Glynn Saulters

Personal information
- Born: February 10, 1945 (age 81) Minden, Louisiana, U.S.
- Listed height: 6 ft 2 in (1.88 m)
- Listed weight: 175 lb (79 kg)

Career information
- High school: Lisbon (Lisbon, Louisiana)
- College: Louisiana–Monroe (1964–1968)
- NBA draft: 1968: 12th round, 152nd overall pick
- Drafted by: Cincinnati Royals
- Position: Point guard
- Number: 14

Career history
- 1968–1969: New Orleans Buccaneers
- Stats at Basketball Reference

= Glynn Saulters =

American basketball player

Grady Glynn Saulters Jr. (born February 10, 1945) is an American former professional basketball player born in Minden, Louisiana.
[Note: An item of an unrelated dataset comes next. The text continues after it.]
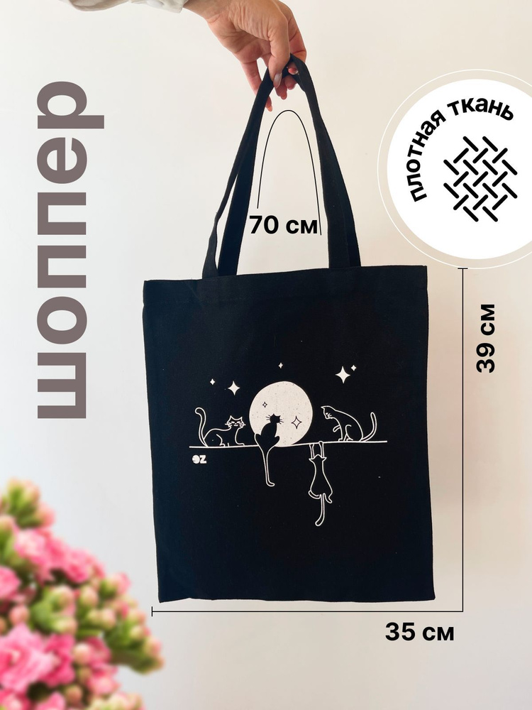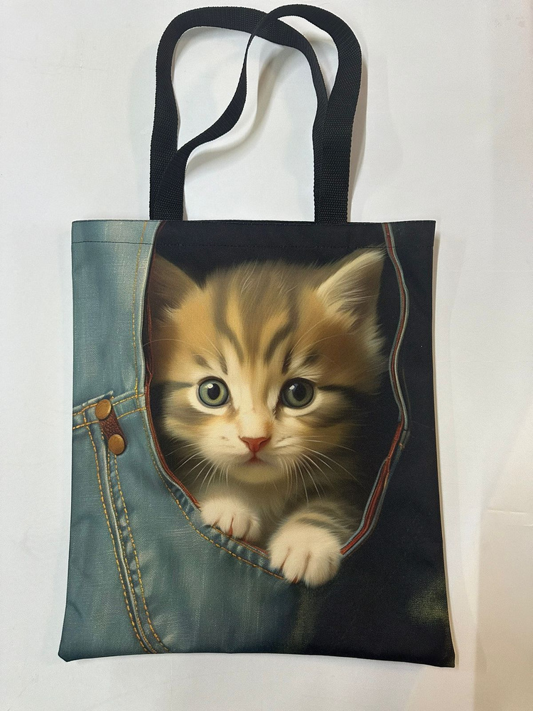 Сумка шоппер с принтом "Кот в кармане" / сумка хозяйственная / авоська

A 6'2" point guard from Northeast Louisiana University (now the University of Louisiana at Monroe), Saulters competed at the 1968 Summer Olympics, where he won a gold medal with the United States national basketball team. Despite being drafted in the 12th round (152nd overall pick) of the 1968 NBA draft by the National Basketball Association's Cincinnati Royals, he played one season (1968–69) in the American Basketball Association as a member of the New Orleans Buccaneers, scoring 59 points in 22 games.